It will be readily appreciated that there will be an ordering in a correct pattern, in which the scan lines intersect in this order with monotonic chains that can intersect during scanning of the correct pattern, the resulting intersections being arranged in order; however, when the model is in error, the sequence of the obtained intersection points changes due to the fact that the loop of the graph has self-intersection. In the above-mentioned monotone chain ordering process, when the graph has defects, there is a possibility that when the monotone chain needs to be deleted, the corresponding node cannot be found in the balance tree, at this time, no processing is needed, when the monotone chain is inserted, if the deleted monotone chain is encountered earlier, the monotone chain is deleted first, and then the current monotone chain is inserted.

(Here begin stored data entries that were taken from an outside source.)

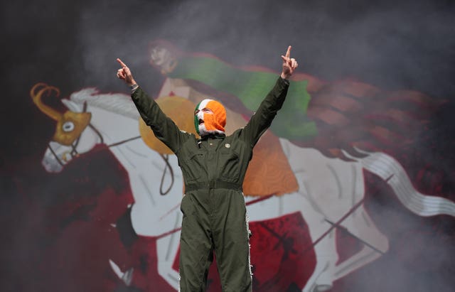 Kneecap’s DJ Provai performing on the main stage on day two of the Electric Picnic festival at Stradbally in Co Laois (Niall Carson/PA)
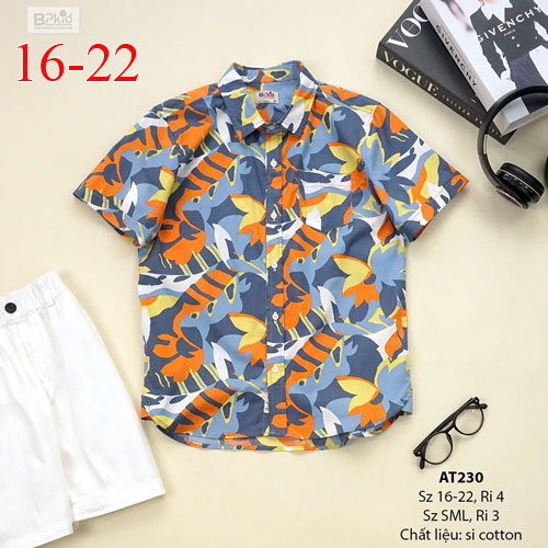 A399258 - Áo sơ mi tay ngắn, hoạ tiết rực rỡ sô lụa, si cotton hoặc kaki thô cho bé trai_Size 16-22
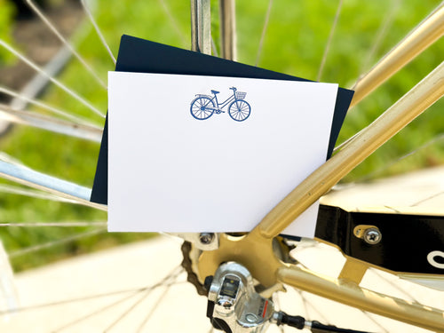 This bicycle letterpress notecard by Ancora Letterpress is the height of sophistication and class. Inspired by the natural simplicity and beauty of bicycles and bike riding in nature, this note card features a deep navy, detailed bicycle at the top of the high quality note card. Ancora Letterpress is a one-woman letterpress print studio specializing in elegant stationery, coasters, and paper products to stay in touch with loved ones, and make your workspace beautiful. Her passion is coming up with high quality stationery that is both unique and authentic. She uses antique printing presses and high quality materials to achieve a unique, tactile product that we love! Ancora Letterpress and Postmark’d Studio are kindred spirits, and we love to see feature this high quality brand!

Step 3, rasterizing the whole graph through a second scanning, wherein a monotone chain use condition table is firstly required to be established, and exceeding the entry point, the internal point and the exceeding point are carried out according to the monotone chain use condition table in the second scanning process, so that rasterization is completed. Specifically, establishing a monotonic chain usage table refers to respectively establishing an array of index values, front point indexes and rear point indexes according to the number of monotonic chains. The index value is divided into a normal value and a marking value, wherein the normal value is used for representing the index of the monotonic chain, and the marking value is used for marking that the monotonic chain does not appear or is exceeded; the back point index is the last overridden internal point index in the overridden internal points in the monotonic chain; the previous point index is the internal point in the monotonic chain that will be exceeded next. For a monotonic chain, the intersection with the current scan line is between the front and rear points. Further, overriding the entry point refers to setting values at the same index in the index value array to a monotonic chain index for monotonic chains marked as not occurring during scanning. The step of exceeding the internal point means that in the scanning process, the scanning position exceeds the point pointed by the front point index of the monotone chain, then the value of the rear point index is set as the front point index, the front point index goes forward, and the process is carried out until the front point index meeting the requirement is found. The overtaking point means that in the scanning process, the scanning position overtakes the point pointed by the front point index of the monotone chain, and the front point index points to the overtaking point, and the index value is set to be the overtaking mark value.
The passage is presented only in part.